Saying to a plan, ‘Given that, we would like to be incentivized to deliver that set of outcomes,’ is non-controversial. The part that’s really tricky is meeting the second and third-order needs of our plan partners in a way that allows that incentive alignment to carry through to a contract.
The primary challenge is that it’s really hard to shift from a fee-for-service to a value-based methodology. We’re lucky that we were born and grew up value-based. We never had perverse incentives to deliver services that don’t drive value. For providers who have been forced to exist off the fee schedule, I think that transitioning to value is tricky for many reasons.
Groups leverages medication-assisted treatment (MAT), namely Suboxone, to treat OUD. Do you think MAT is the future of SUD treatment and that abstinence-only approaches will become less common?
MAT is a critical part of treating substance use disorders and will remain so. I don’t think it’s the silver bullet.
From a clinical outcomes and data perspective, there is strong evidence that medication-assisted treatment is the best modality we have today for the treatment of opioid use disorder. That’s not as clear when it comes to alcohol use disorder. It’s not at all clear when it comes to stimulant use disorder.
But when it comes to opioid use disorder, MAT, specifically buprenorphine, Naloxone or Suboxone, is the primary tool we have in our tool belt. It’s not the only one. I would argue it’s only efficacious in combination with psychosocial modalities, but it’s a really important one and probably will be for quite some time.
With that said, medication alone doesn’t solve this problem. Our outcomes are some of the best in the industry. We retain 68% of our members at six months, meaning that 32% have fallen through the cracks. I would argue that’s not good enough.
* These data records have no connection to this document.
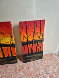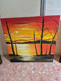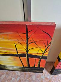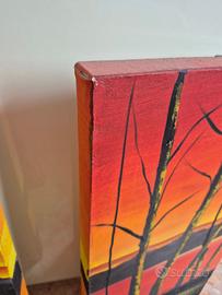 Vendo panorama di tramonto, dipinto a mano. 3 pezzi 2 (30x60x4) 1 (60x60x4). Presenta piccoli segni dovuti al tempo, come da foto. Su firenze e zone limitrofe si fa anche consegna a mano.
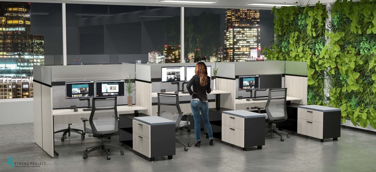 This Post-COVID open office workstation design will allow employers to create a workplace design that will support health and promote productivity as well as offering a nice blend of personal privacy & shielding while still providing an open feel letting natural light in. This stylish modular office furniture system will give you the flexibility to create a work environment that provides users with their own sense of space, fosters creativity and well-being and can be customized from a design perspective to meld with your building interior and brand.
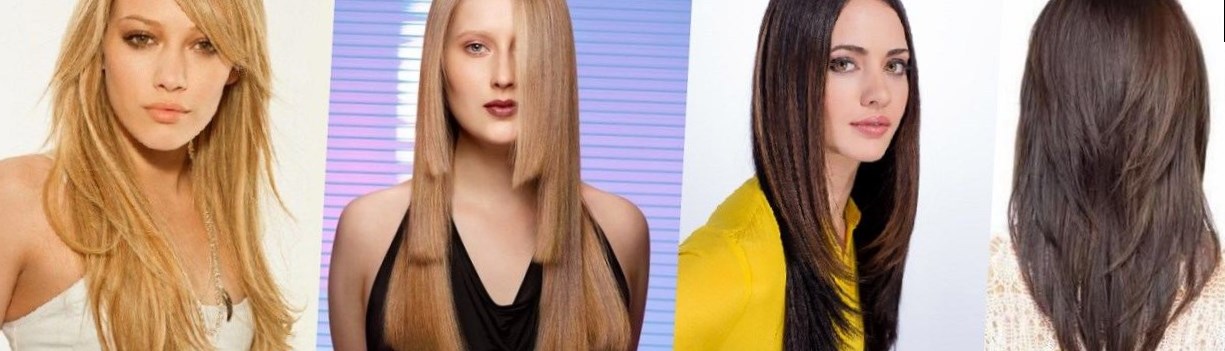Для зачісок каре з довгим волоссям — стилістами пропонується відпрасована гладкість волосся з прямим проділом волосся, забраними в зручний бік косим проділом

I hope that more modalities will be developed for the more effective treatment of addiction in the future.
So, if you’re asking if I think MAT is the perfect solution? God no. Do I think it’s a really great solution that needs to be more widely adopted? I certainly do.
Groups has capitalized on technology to improve patients’ access to care. What challenges presented themselves when implementing those new tech systems?
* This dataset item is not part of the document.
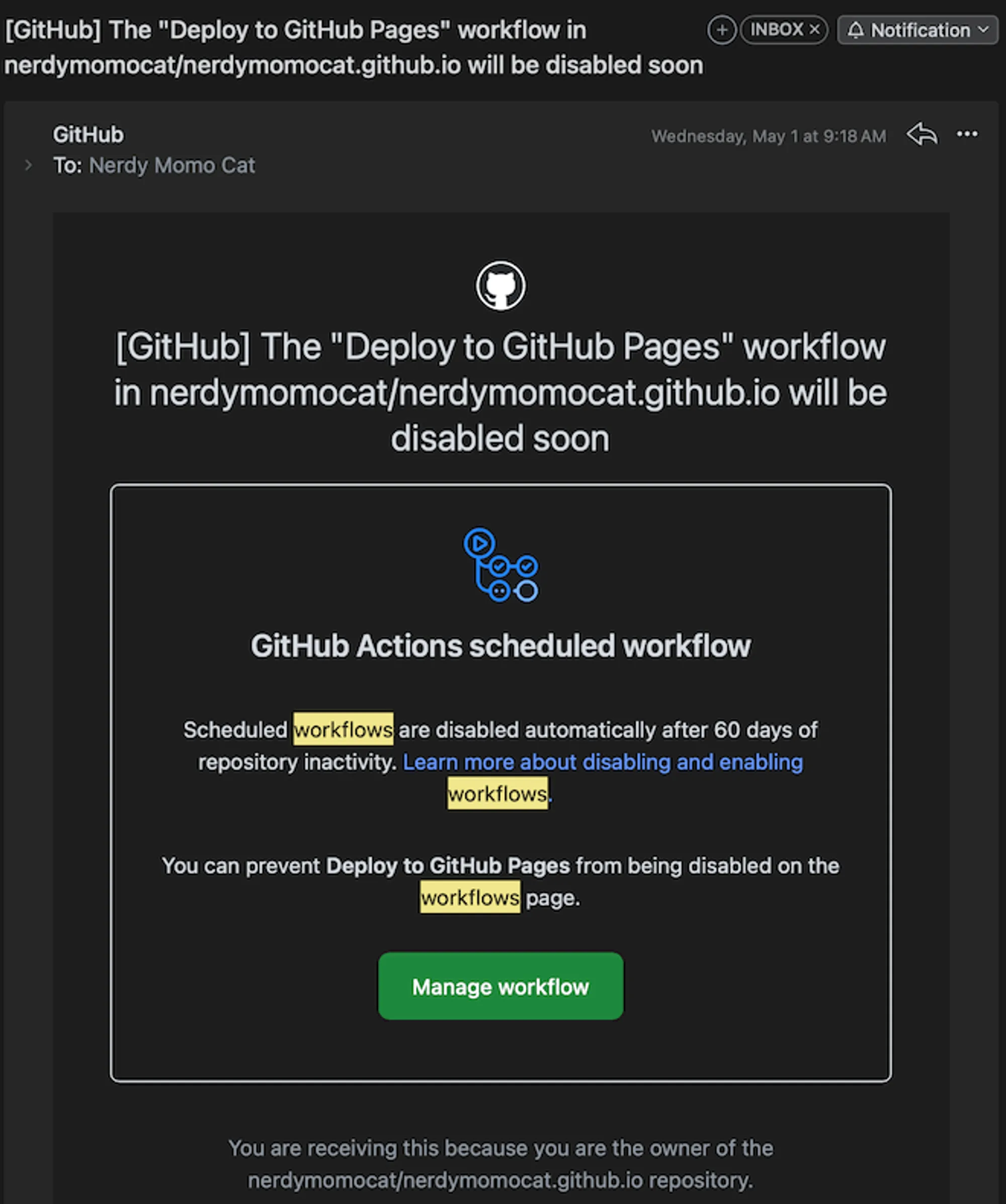 ![[GitHub] The "Deploy to GitHub Pages" workflow in nerdymomocat/nerdymomocat.github.io will be disabled soon](/notion/6c6e8f96-a269-4eab-8cdc-b123194509d7/Untitled.webp)

Technology in and of itself solves a lot of problems, reduces a lot of barriers and creates others.
With technology, there are a number of barriers. Are the systems working? How do we integrate our tech stack with legacy EMRs? Even moving beyond the internal barriers we face, some folks who didn’t have access to transportation now don’t have access to bandwidth. Some folks who didn’t have access to a car and don’t have access to a smartphone. We spent a lot of our time trying to mitigate those barriers. Our data shows that embracing technology has net reduced barriers to accessing care. But there are people who today can’t complete our intake funnel, because they’re not sufficiently comfortable using a smartphone app. I think we have a responsibility to deal with that.
Looking ahead, what innovations could pique Groups’ interest?
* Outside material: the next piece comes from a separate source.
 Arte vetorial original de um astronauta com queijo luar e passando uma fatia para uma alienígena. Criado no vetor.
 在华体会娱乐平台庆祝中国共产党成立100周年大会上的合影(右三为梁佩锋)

Core to our mission is serving everyone who has substance use disorder. A big part of fulfilling that mission for us is working with departments of corrections and serving folks who are coming out of incarceration.
Those are folks who don’t have smartphones in many cases and, in some instances, aren’t comfortable using those smartphones. We’re working to arm those folks with smartphones and tablets. We’ve received grants, so we can give those out for free. We’re working to help people get access to free or extremely cheap high-speed internet. But that is not the solution, or the only solution, for everyone.
How do we use our rural footprint and local care teams to help folks who can’t engage with technology to still get treatment? There are a lot of answers to this question. My view is that technology has a role to play, but it’s not the only answer.